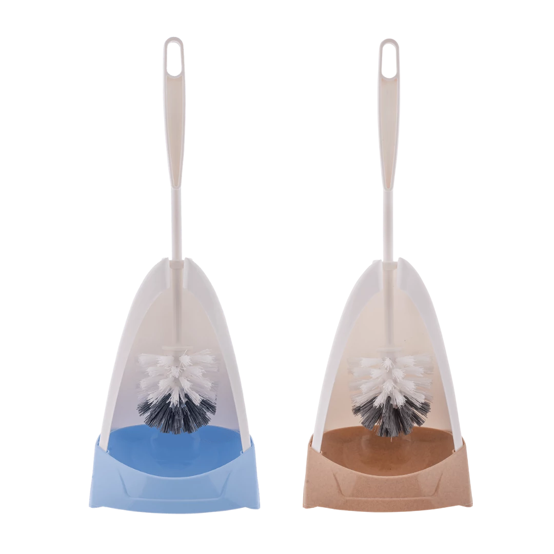 Klasszikus műanyag WC kefe műanyag szálakkal és WC kefe tartóval.
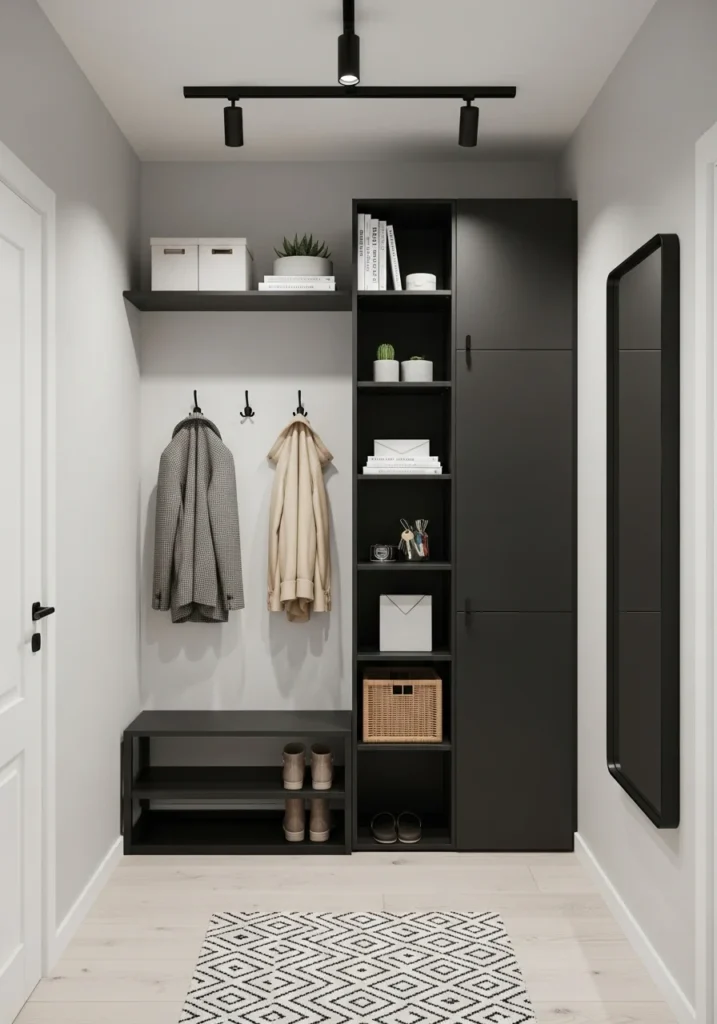 Balancing these elements with light-colored walls or natural textures ensures the space remains bright and welcoming. A narrow bench, simple artwork, or a small mirror can further enhance functionality while maintaining a cohesive style. Together, vertical storage and matte black accents create a refined, high-impact entryway that blends practicality with modern elegance, proving that even the smallest spaces can deliver strong design appeal.
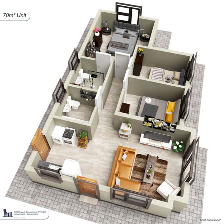 2 and 3 Beds with ENSUITE SHOWERS to Choose From..... FULLY WALLED with an Electrical Fenceeand ONLY 1 Entrance with a FUTURE SECURITY POST !!............ DOUBLE STOREY HOUSES also Available.
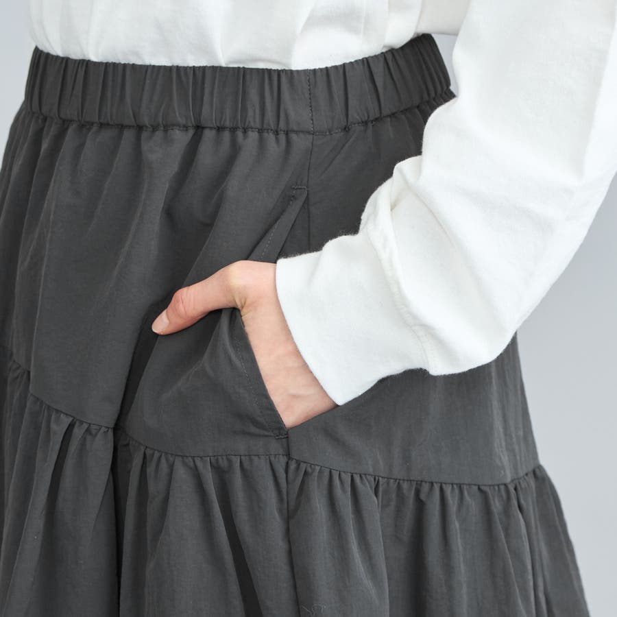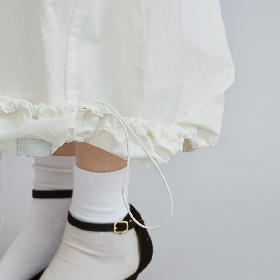 裾にプラスしたドローストリングでシルエットアレンジが楽しめるスカート。
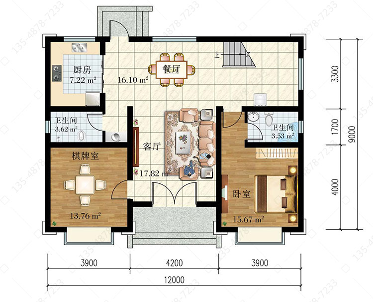 一 层:客厅、卧室(附卫生间)、棋牌室、厨房、餐厅、卫生间
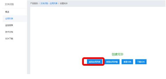 创建后,点击“返回应用列表”
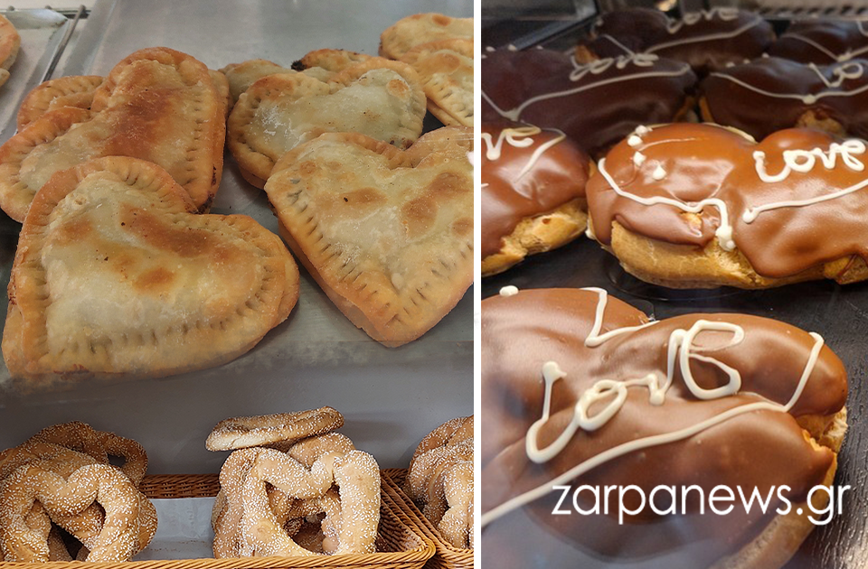 Από την κλασική πάστα “lacta” μέχρι κουλούρι σε σχήμα καρδιάς, αλλά και καλιτσούνια, μαραθόπιτες και εκλέρ, ευφραίνουν την καρδιά και γεμίζουν με αγάπη το στομάχι των ερωτευμένων στα Χανιά.
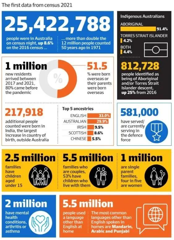 6月28日,澳洲統(tǒng)計局公布了2021年人口普查結(jié)果,涉及人口數(shù)量、各國移民數(shù)量等多個方面。

▶ [Exercise goal]: From the line containing "2 and 3 Beds" to the last line of the entries, output every line exactly as written, but leave out the pictures.

▶ [Output for this task]:
 2 and 3 Beds with ENSUITE SHOWERS to Choose From..... FULLY WALLED with an Electrical Fenceeand ONLY 1 Entrance with a FUTURE SECURITY POST !!............ DOUBLE STOREY HOUSES also Available.
 裾にプラスしたドローストリングでシルエットアレンジが楽しめるスカート。
 一 层:客厅、卧室(附卫生间)、棋牌室、厨房、餐厅、卫生间
 创建后,点击“返回应用列表”
 Από την κλασική πάστα “lacta” μέχρι κουλούρι σε σχήμα καρδιάς, αλλά και καλιτσούνια, μαραθόπιτες και εκλέρ, ευφραίνουν την καρδιά και γεμίζουν με αγάπη το στομάχι των ερωτευμένων στα Χανιά.
 6月28日,澳洲統(tǒng)計局公布了2021年人口普查結(jié)果,涉及人口數(shù)量、各國移民數(shù)量等多個方面。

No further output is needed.